Provided records =
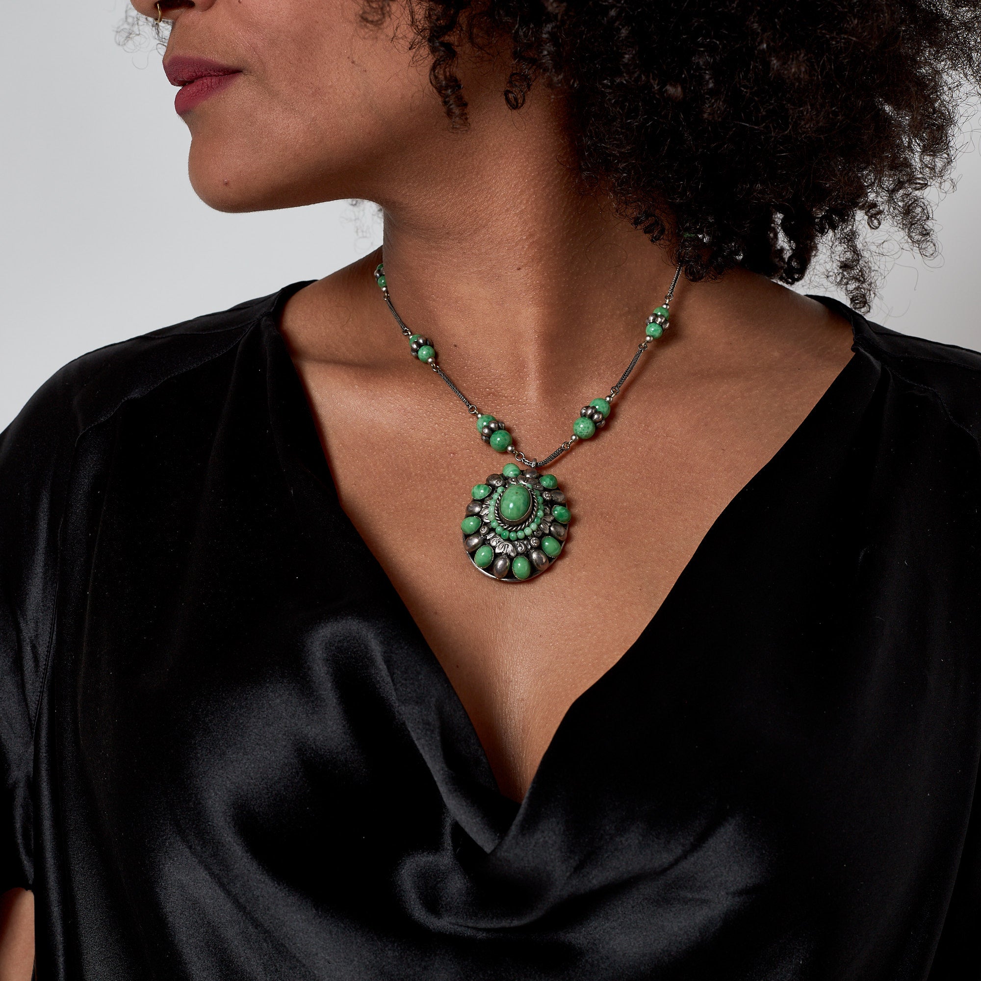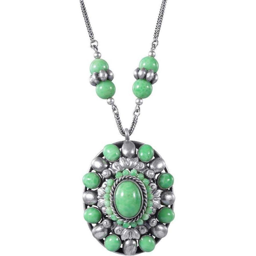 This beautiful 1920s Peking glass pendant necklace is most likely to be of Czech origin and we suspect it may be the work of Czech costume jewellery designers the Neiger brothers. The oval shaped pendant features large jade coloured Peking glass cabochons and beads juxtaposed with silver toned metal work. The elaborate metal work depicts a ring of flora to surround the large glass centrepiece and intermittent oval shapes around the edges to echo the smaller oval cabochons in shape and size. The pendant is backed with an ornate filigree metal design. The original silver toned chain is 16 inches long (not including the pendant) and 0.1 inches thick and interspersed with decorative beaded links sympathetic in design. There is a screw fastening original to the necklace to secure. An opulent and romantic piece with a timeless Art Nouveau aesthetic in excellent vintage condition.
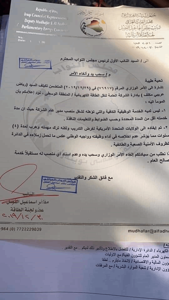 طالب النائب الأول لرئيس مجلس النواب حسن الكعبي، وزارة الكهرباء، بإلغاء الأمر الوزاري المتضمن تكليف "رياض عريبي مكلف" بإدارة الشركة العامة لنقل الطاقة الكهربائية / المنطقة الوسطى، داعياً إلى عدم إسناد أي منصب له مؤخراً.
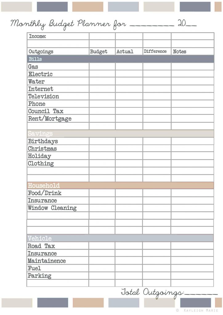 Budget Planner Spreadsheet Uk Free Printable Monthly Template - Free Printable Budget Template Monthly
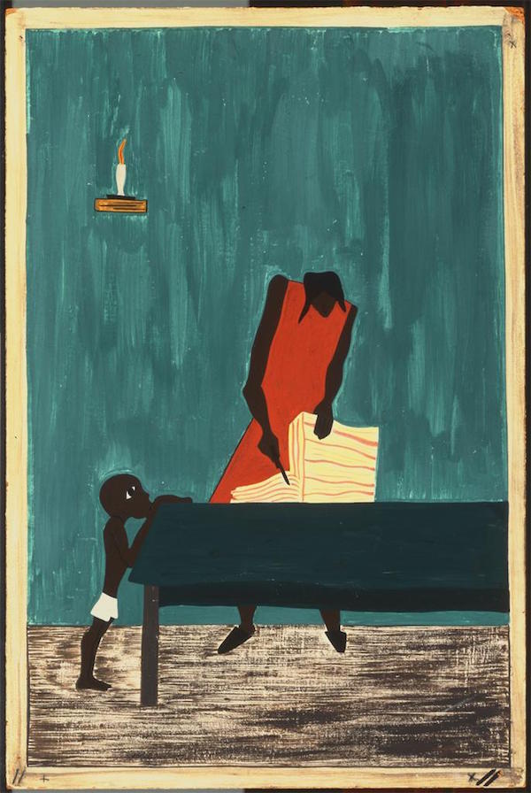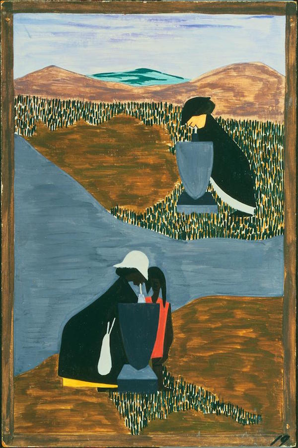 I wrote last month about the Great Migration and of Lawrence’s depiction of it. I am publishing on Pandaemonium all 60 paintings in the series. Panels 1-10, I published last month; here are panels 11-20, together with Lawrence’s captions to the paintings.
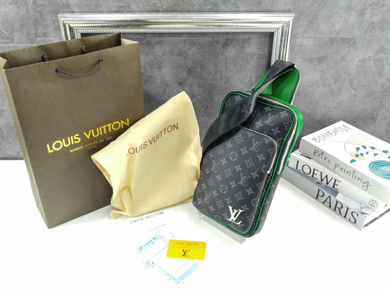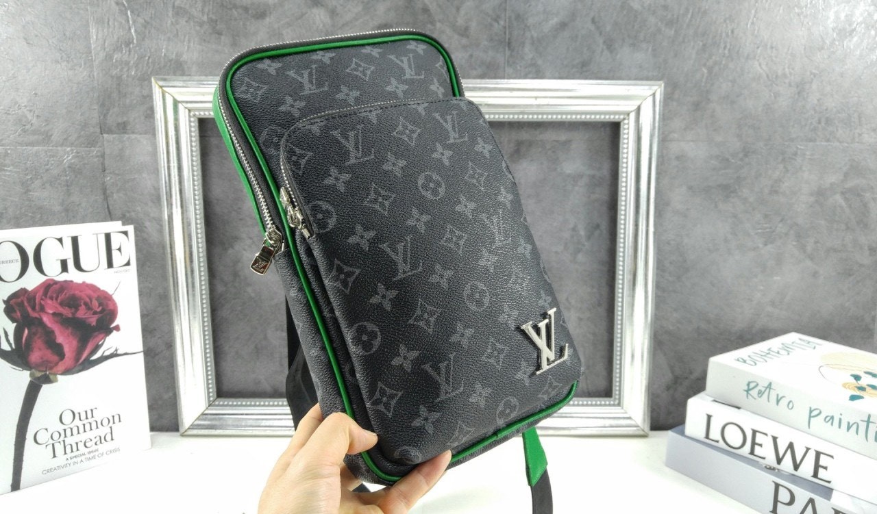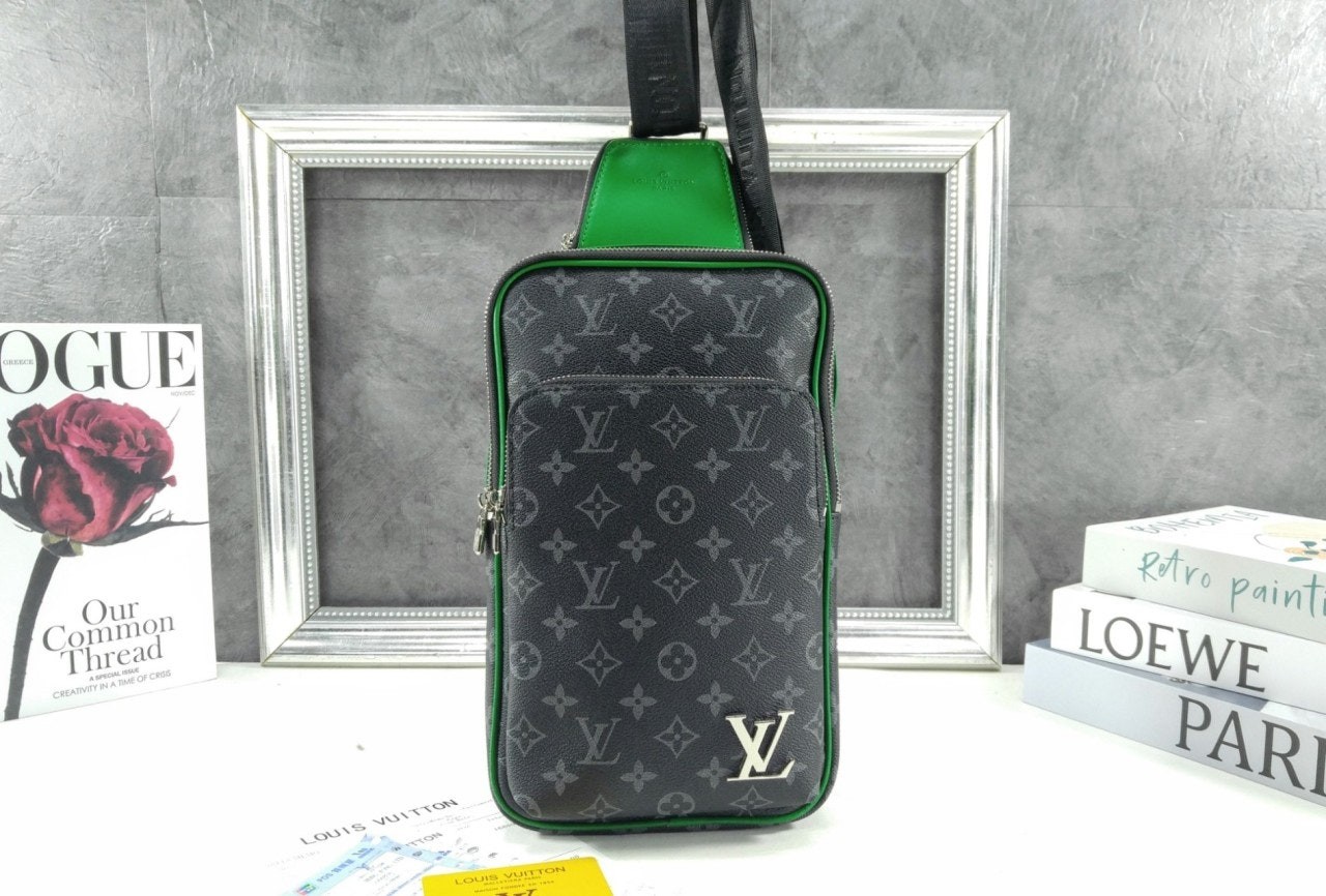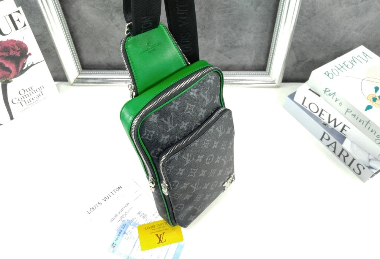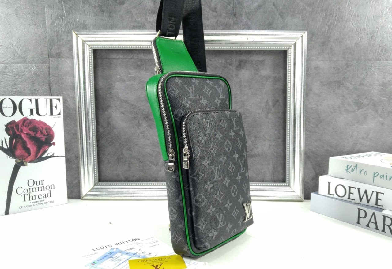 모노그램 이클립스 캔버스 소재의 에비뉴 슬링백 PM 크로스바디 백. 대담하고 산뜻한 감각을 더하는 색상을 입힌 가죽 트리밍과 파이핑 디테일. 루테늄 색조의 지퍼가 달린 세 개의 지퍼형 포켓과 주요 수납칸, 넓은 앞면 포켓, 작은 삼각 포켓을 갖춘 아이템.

Action item = The records above are to be quoted exactly, with all pictures left out.

Solution to this exercise =
 This beautiful 1920s Peking glass pendant necklace is most likely to be of Czech origin and we suspect it may be the work of Czech costume jewellery designers the Neiger brothers. The oval shaped pendant features large jade coloured Peking glass cabochons and beads juxtaposed with silver toned metal work. The elaborate metal work depicts a ring of flora to surround the large glass centrepiece and intermittent oval shapes around the edges to echo the smaller oval cabochons in shape and size. The pendant is backed with an ornate filigree metal design. The original silver toned chain is 16 inches long (not including the pendant) and 0.1 inches thick and interspersed with decorative beaded links sympathetic in design. There is a screw fastening original to the necklace to secure. An opulent and romantic piece with a timeless Art Nouveau aesthetic in excellent vintage condition.
 طالب النائب الأول لرئيس مجلس النواب حسن الكعبي، وزارة الكهرباء، بإلغاء الأمر الوزاري المتضمن تكليف "رياض عريبي مكلف" بإدارة الشركة العامة لنقل الطاقة الكهربائية / المنطقة الوسطى، داعياً إلى عدم إسناد أي منصب له مؤخراً.
 Budget Planner Spreadsheet Uk Free Printable Monthly Template - Free Printable Budget Template Monthly
 I wrote last month about the Great Migration and of Lawrence’s depiction of it. I am publishing on Pandaemonium all 60 paintings in the series. Panels 1-10, I published last month; here are panels 11-20, together with Lawrence’s captions to the paintings.
 모노그램 이클립스 캔버스 소재의 에비뉴 슬링백 PM 크로스바디 백. 대담하고 산뜻한 감각을 더하는 색상을 입힌 가죽 트리밍과 파이핑 디테일. 루테늄 색조의 지퍼가 달린 세 개의 지퍼형 포켓과 주요 수납칸, 넓은 앞면 포켓, 작은 삼각 포켓을 갖춘 아이템.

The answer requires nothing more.